TASK - For each line of the material, check for the string "canton"; then state how many lines had it, giving only the number.

RECORDS FOR THIS EXERCISE -
════════
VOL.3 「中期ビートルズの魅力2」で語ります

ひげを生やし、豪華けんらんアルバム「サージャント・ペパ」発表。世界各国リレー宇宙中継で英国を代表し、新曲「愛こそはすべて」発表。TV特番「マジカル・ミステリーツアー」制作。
════════
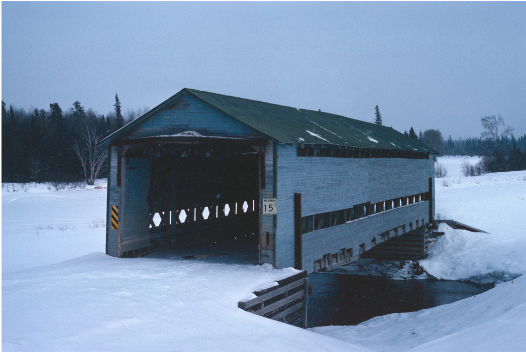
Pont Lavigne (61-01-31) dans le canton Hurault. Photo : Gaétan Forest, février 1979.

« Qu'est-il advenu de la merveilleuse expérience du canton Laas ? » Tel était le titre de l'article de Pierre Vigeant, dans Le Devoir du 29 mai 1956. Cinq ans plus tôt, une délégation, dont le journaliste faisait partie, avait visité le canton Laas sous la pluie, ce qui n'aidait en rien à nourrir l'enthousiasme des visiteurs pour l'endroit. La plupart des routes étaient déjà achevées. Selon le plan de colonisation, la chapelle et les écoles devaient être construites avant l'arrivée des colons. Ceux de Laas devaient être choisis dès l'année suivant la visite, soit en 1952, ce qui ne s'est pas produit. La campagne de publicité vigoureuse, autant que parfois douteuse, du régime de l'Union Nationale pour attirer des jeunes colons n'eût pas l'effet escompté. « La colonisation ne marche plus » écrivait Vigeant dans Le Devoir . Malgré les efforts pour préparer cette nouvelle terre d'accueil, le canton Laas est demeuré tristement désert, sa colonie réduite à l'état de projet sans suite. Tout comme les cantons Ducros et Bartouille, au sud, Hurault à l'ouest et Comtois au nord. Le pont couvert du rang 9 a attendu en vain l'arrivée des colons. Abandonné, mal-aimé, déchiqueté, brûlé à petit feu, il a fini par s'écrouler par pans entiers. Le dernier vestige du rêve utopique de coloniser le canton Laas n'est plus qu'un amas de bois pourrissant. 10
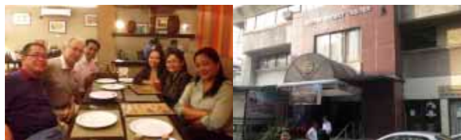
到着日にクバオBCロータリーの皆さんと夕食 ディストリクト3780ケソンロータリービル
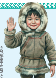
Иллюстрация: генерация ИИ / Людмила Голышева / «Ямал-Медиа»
════════
ANSWER - 2